A divisão já percebida nas ruas do Ceará e que motiva crimes, como a Chacina da Sapiranga, agora também é vista dentro dos centros socioeducativos que abrigam adolescentes em conflito com a lei. O juiz Manuel Clístenes, titular da 5ª Vara da Infância e Juventude de Fortaleza, afirma que até o momento apenas 5% dos equipamentos são ocupados pelos que se autodenominam da "massa".

Pela atual situação de não haver excedente populacional nas unidades devido à exigência do Supremo Tribunal Federal (STF), é possível manter permanecer com a divisão dos internos, conforme afinidade. Membros das facções correspondentes e desta 'não facção' ficam separados dentro dos prédios, e assim se evitam conflitos.

No entanto, com a crescente da adesão dos suspeitos que dizem ser da massa existe a preocupação para as possíveis situações de confrontos. "É como se fosse uma volta ao tempo ao se intitular da massa. O que podemos identificar é que a maioria deles saem de uma facção criminosa carioca e se desvinculam. Então, pertenciam a um grupo e agora querem algum tipo de liberdade", explica Manuel Clístenes.

O magistrado destaca que o movimento surge como um "tipo de revolta" contra regras rigorosas impostas dentro dos grupos armados fundados há décadas. Conforme apuração da 5ª Vara da Infância e Juventude de Fortaleza, em cada um dos espaços administrados pela Superintendência do Sistema Estadual de Atendimento Socioeducativo (Seas) há de três a seis jovens nesse perfil.

"Precisamos observar se este é um movimento de libertação ou se é um novo grupo se formando.
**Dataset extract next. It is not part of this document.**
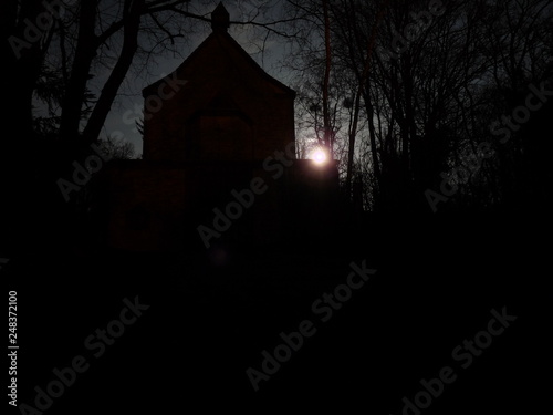by night, sad, dark, eerie, unreal, full moon, church, dark

Acho difícil as facções perderem total o poder delas, mas o que vai acontecer ainda é uma incógnita. De qualquer forma precisamos dizer que este movimento não é pacífico"
Juiz
Manuel Clístenes


TROCA DE LÍDERES

A maior parte dos que dizem não pertencer a facção específica vêm da Grande Messejana e da Caucaia, Região Metropolitana de Fortaleza. Em ambos os territórios foi preciso substituir lideranças dos grupos armados, após prisões de membros do alto escalão das organizações ou até mesmo mortes durante confrontos protagonizados entre rivais.
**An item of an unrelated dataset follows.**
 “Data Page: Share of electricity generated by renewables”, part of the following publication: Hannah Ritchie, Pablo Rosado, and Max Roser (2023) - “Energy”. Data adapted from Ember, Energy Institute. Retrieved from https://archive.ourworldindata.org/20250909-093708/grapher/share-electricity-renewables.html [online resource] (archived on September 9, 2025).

"O que acontece dentro dos centros socioeducativos é reflexo do que há nas ruas. Os territórios dos que se dizem da massa ao serem entrevistados quando entram nas unidades coincidem com os territórios onde têm mais homicídios, mais confrontos", esclarece o titular da 5ª Vara da Infância e Juventude de Fortaleza.

A Seas se posicionou por nota informando não ter registro da presença de organização criminosa denominada "Massa" nos centros socioeducativos.

Conforme a Superintendência, atualmente, "os centros socioeducativos contam com metodologia de Práticas Restaurativas, Círculos de Paz e Gerenciamento de Conflitos para diminuir a influência das organizações nas unidades socioeducativas".


CHACINA DA SAPIRANGA

O crime mais recente e com larga repercussão envolvendo massa e membros da facção de origem carioca nas ruas foi a Chacina da Sapiranga. Cinco pessoas morreram e pelo menos outras seis ficaram feridas no massacre registrado na madrugada do último Natal.

A reportagem do Diário do Nordeste teve acesso a documentos que apontam um homem conhecido como 'Etim' membro da facção em questão ordenou a matança. 'Etim' teria "rasgado a camisa", como os faccionados denominam ato de traição ao grupo, e decidido tomar o território do Campo do Alecrim.

Ao lado de outro envolvido, identificado como Raí César Silva chegaram ao campo, que é conhecido também como Campo da Leda, em posse de armamento de grosso calibre, ameaçaram populares e seguraram aqueles que queriam assassinar.

O principal alvo da ação era Israel da Silva Andrade. Conforme testemunhas, 'Rael' foi morto porque dominava a região da Sapiranga e precisava ser retirado do caminho por aqueles que estavam prestes a aderir a 'Massa'. Na última semana, o Ministério Público do Ceará (MPCE) denunciou 23 homens por participação na chacina.